While I don’t own a Nintendo 3DS, I do keep a close eye on what they’re up to, and this year, the system killed it. The recent The Legend of Zelda: A Link Between Worlds has received rave reviews from fans and critics alike. It has taken attention away from the launch of Sony’s PlayStation 4 and Microsoft’s Xbox One. Obviously, those are selling just fine, but the simple fact that, during the launch window of these two systems, people all over the internet have been talking about how they can’t put down their 3DS is amazing. 

Thank You, Sony

Similarly, the PS Vita has resurged thanks to the smart integration with the PlayStation 4, which allows gamers to remote play their PS4 games on their handheld from across the house. Additionally, some remarkable and critically acclaimed titles have released on the system in the last few months which have breathed new life into the handheld device. Tearaway, Ys: Memories of Celceta, and Rainbow Moon have Vita owners ecstatic with their system.

What’s the Impact?

So what does this mean in the big picture? PS4 and Xbox One are dominating headlines and websites all over the world, and rightfully so. Both systems are amazing and have impressive launch titles, but strangely enough, they aren’t the only story. The 3DS and Vita are experiencing more popularity than ever before; especially the Vita, written off as a dying console by many. But with those new titles and PS4 integration, it seems like the Vita just might be making a bit of a comeback.
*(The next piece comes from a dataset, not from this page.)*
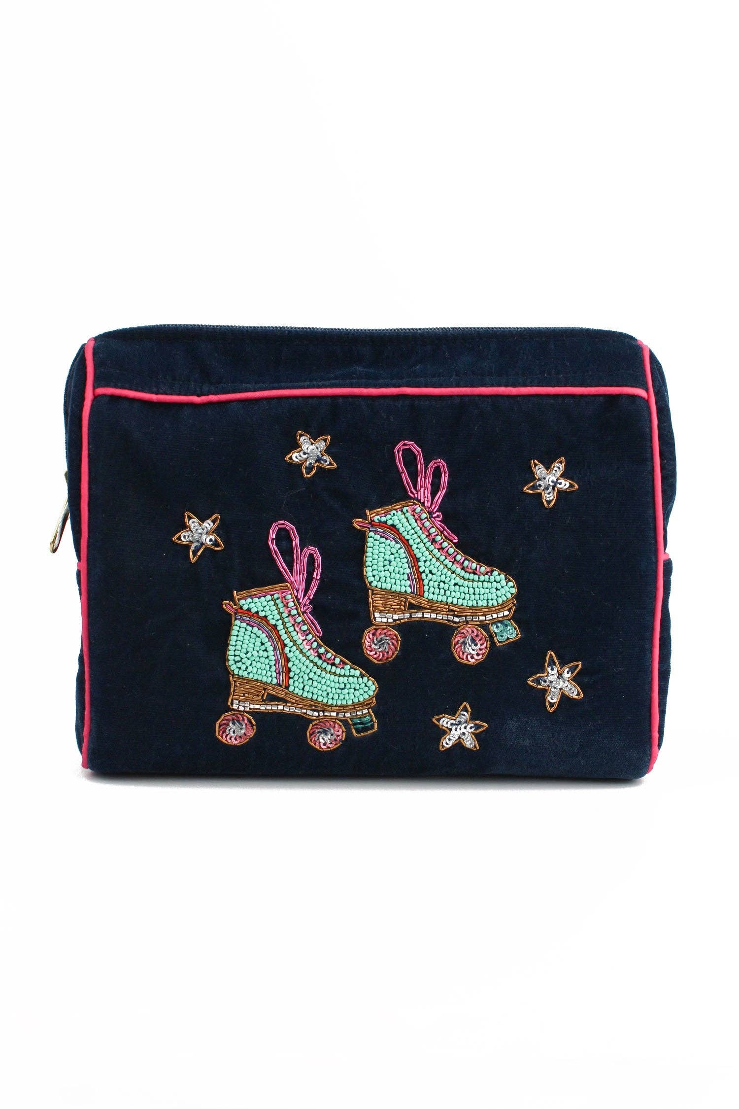 Rulla in i säsongen med ett nytt motiv. Vår retro rullskridsko finns som necessär i två storlekar (small och medium) samt som nyckelring. - Handgjord av skickliga hantverkare i Indien. - Cirka 145 x 110 mm med 40 mm botten. - Tillverkad i 100 % polyesterflanell med ett vattentätt foder och prydd med glasspärlor.

Personally, this excites me. I remember fondly the days of the original Gameboy and eventually when I got a Sega Game Gear. These two handheld systems were a huge part of my childhood, and are responsible for some of my favorite gaming memories. Tetris, Final Fantasy, Sonic the Hedgehog, Castle of Illusion, and many others were the focus of my gaming for years. Now that there are two strong handheld consoles available again, I’m starting to get incredibly nostalgic. 

Can This Feeling Last?

Has handheld gaming simply hit a high note amidst a mediocre song? Will 2014’s impressive list of next-gen titles destroy any momentum the 3DS and Vita have right now? For the sake of gamers everywhere, I certainly hope not. Gaming is better when there are many excellent choices available. Having a great console in the 3DS means Sony can’t throw crappy software at the Vita and expect it to sell just because they’re Sony.

Likewise, Microsoft can’t half-ass their online service because Sony’s PS Plus is such a clear winner when it comes to giving away free games and discounts. The competition forces companies to really invest the time, money, and energy into making each system the very best it can be. 

When game developers and console makers push for excellence, it can only mean good things for the gamers. Competition is the best way to motivate companies to put forth their best product, and it certainly seems like everyone is taking this seriously.

So the next time my daughter wants to play a game on my Vita, I suppose I’ll have to let her. I’m certainly not interested in going back to one of the more generic, boring iOS games I played for a while, so perhaps it’s time to finally consider shelling out for a 3DS as well. That way, my daughter and I can play games together; both of us on good systems, and she can learn the joys of gaming the same way I did: on the small screen.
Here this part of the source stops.